- IATA: LLI; ICAO: HALL;

Summary
- Airport type: Public
- Operator: Ethiopian Airports Enterprise
- Serves: Lalibela, Ethiopia
- Elevation AMSL: 1,958 m (6,424 ft)
- Coordinates: 11°58′26″N 038°59′28″E﻿ / ﻿11.97389°N 38.99111°E

Map
- Lalibela Airport Location within Ethiopia

Runways
| Direction | Length |  | Surface |
| m | ft |
| 10/28 | 2,400 | 7,874 | Asphalt |
- Sources:

= Lalibela Airport =

Airport in Lalibela, Amhara Region, Ethiopia

Lalibela Airport is a public airport serving Lalibela, a town in the Amhara Region of northern Ethiopia.

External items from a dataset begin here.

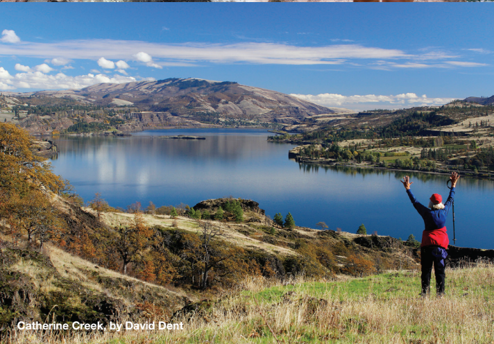
Catherine Creek
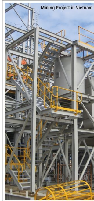
Mining Project in Vietnam
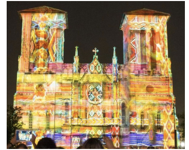
The Saga – San Antonio

This unique video art projection depicts the historical discovery, settlement and development of San Antonio, the Lone Star State, and United States history. The Saga projection covers 7,000 square feet of light, color and visual narration projected onto the majestic façade of San Fernando Cathedral, the oldest cathedral in the United States. Food trucks are normally available each night.
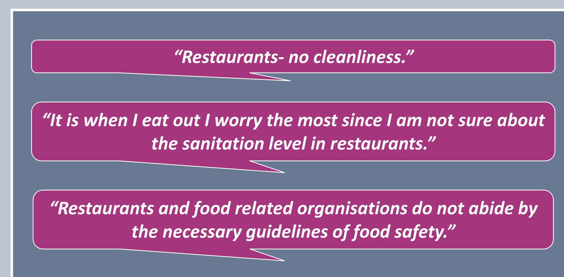
Figure 1. Consumer food safety concerns regarding restaurants.

Consumers perceived their overall personal risk of foodborne illness in Lebanon to be high. Restaurants in particular were cited by many as a very likely place to contract a foodborne illness, with some participants reporting to avoiding eating outside of the home altogether.
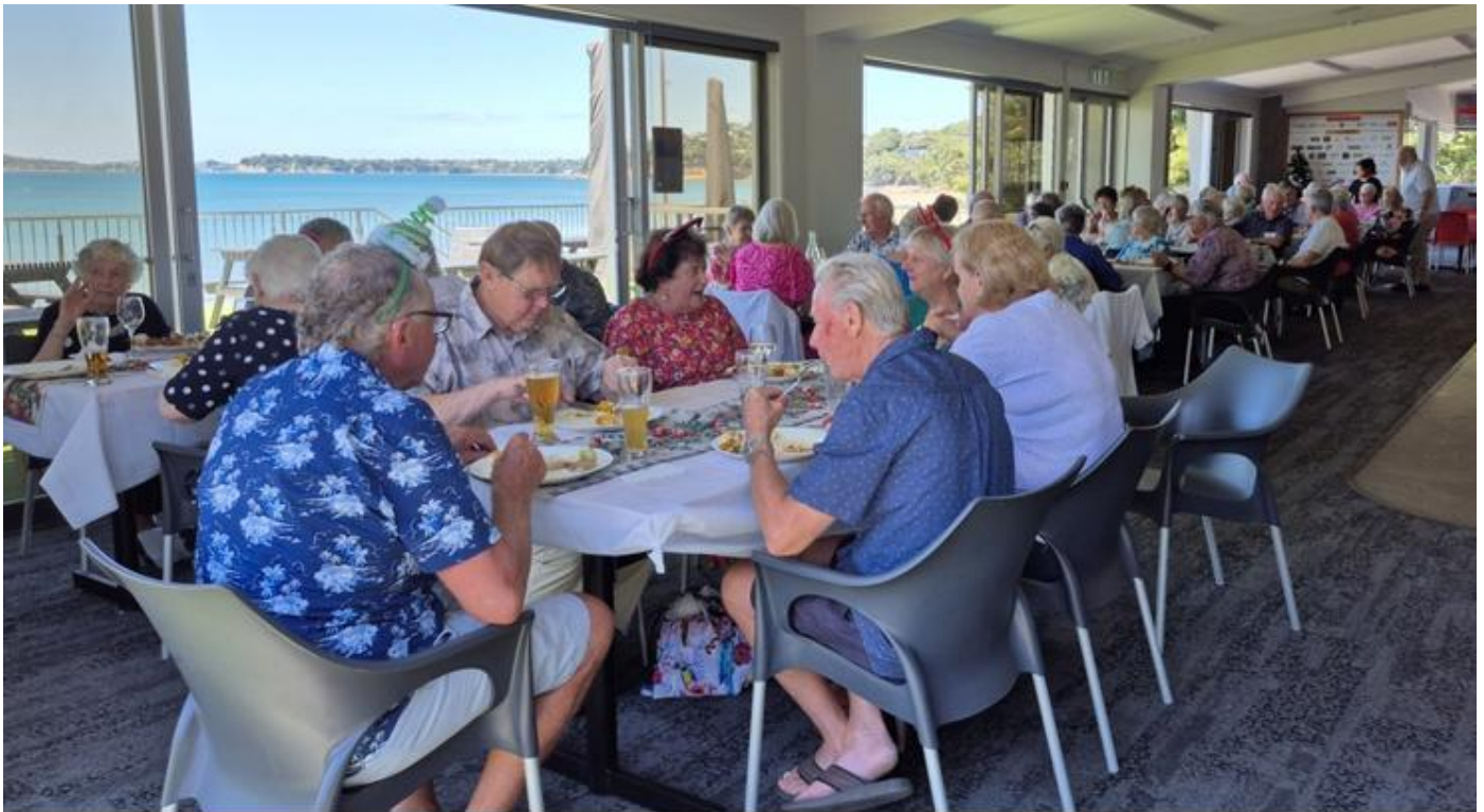
Members tucking in to Christmas lunch function at Red Beach Surf Lifesaving Club
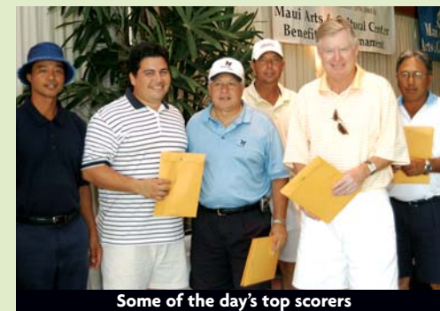
Some of the day's top scorers
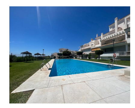
Río Real Apartment
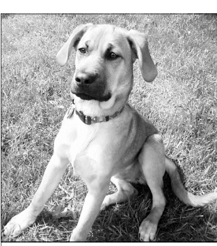
Buddy Allen, formerly named Deboe at CASA. Adopted April, 2010. Training to be a service dog.
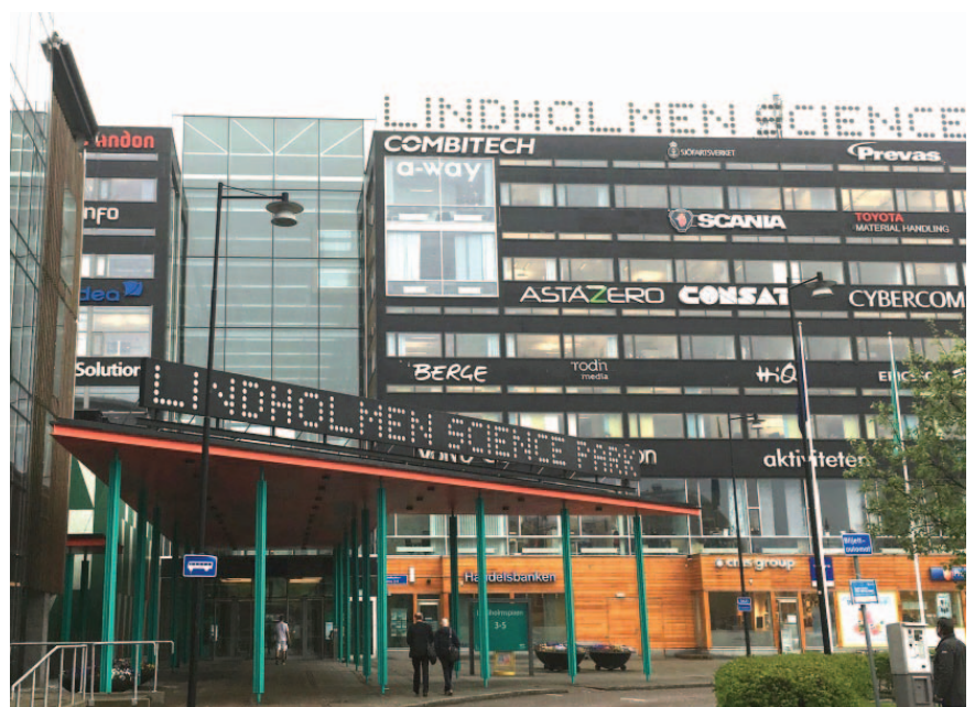
Figure 1. The conference venue at the Lindholmen Science Park in Göteborg, Sweden.

Workshop Series on RF and Wireless Technologies for Biomedical and Healthcare Applications (IMWS-Bio). Because the established BioWireless conference was colocated during MTT-S Radio & Wireless Week, its venue was always in the United States. In contrast, IMWS-Bio was created as a small international workshop series with alternating venues around the globe (former sites include Singapore, London, and Taipei).
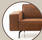
straight arm flat back cushion
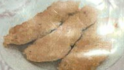
(G) 蝦腐皮卷 Prawn in Bean Curd Rolls
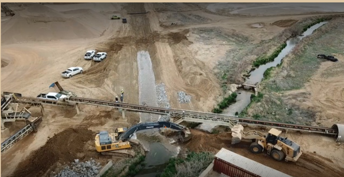
Diverting the water on May 4, 2023

With this relocation and abandonment project, we have extended our reserve
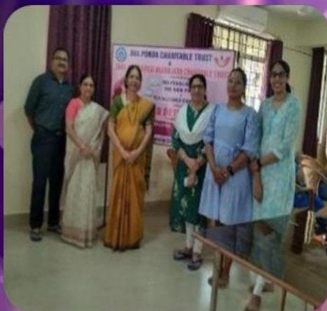
BREAST AND CERVICAL CANCER AWARENESS CAMP
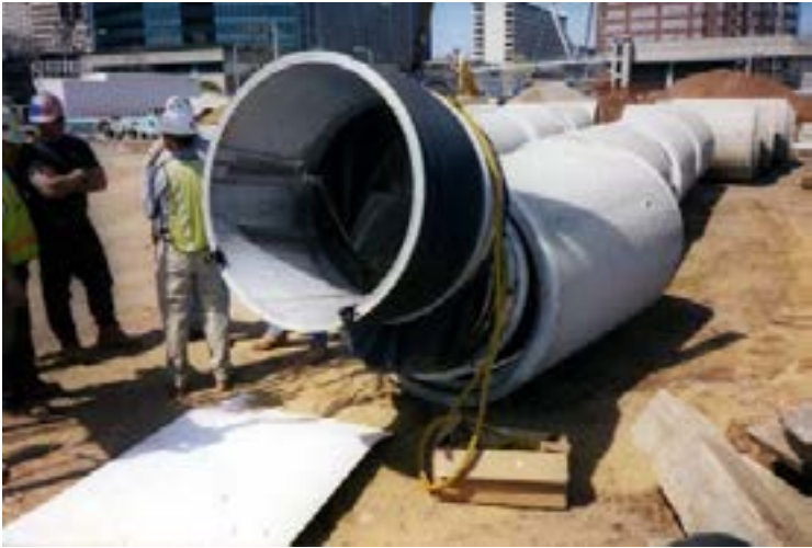
250-48 with a 42" bypass at a 22° angle
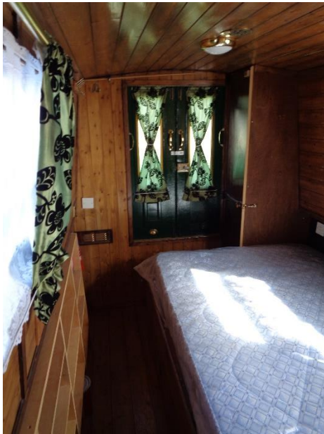
▲ Bedroom Facing Fore
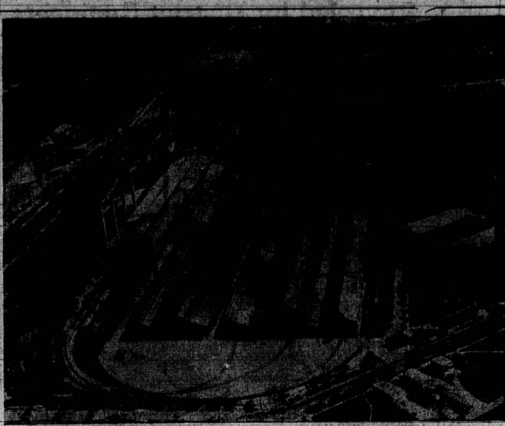
COLUMBIA STEEL'S GREAT PLANT AT TORRANCE
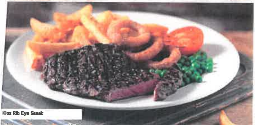
10oz Rib Eye Steak
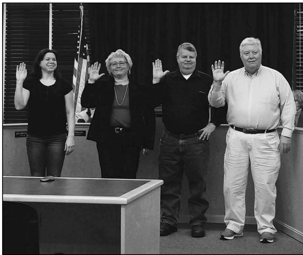
Dallas' new city councilors were sworn in during the Jan. 3 meeting.

The charter also states: "Whenever the mayor is unable to perform the func-

The name of the town and airport may also be transliterated as Lalibella. The airport is located 23 km southwest of the town.

==Facilities==
The Lalibela Airport lies at an elevation of 1958 m above mean sea level. It has one runway designated 10/28, with an asphalt surface measuring 2400 × 53 m.

The main runway was rebuilt in 1997, at a cost of 53 million birr.

==Airlines and destinations==

| Airlines | Destinations |
|---|---|
| Ethiopian Airlines | Addis Ababa, Axum, Bahir Dar, Gondar |

==Airport and incidents==
===Ethiopian Civil War ===
On 14 March 1975, a Douglas C-47 ET-ABR of Ethiopian Airlines was destroyed on the ground during a clash with rebels.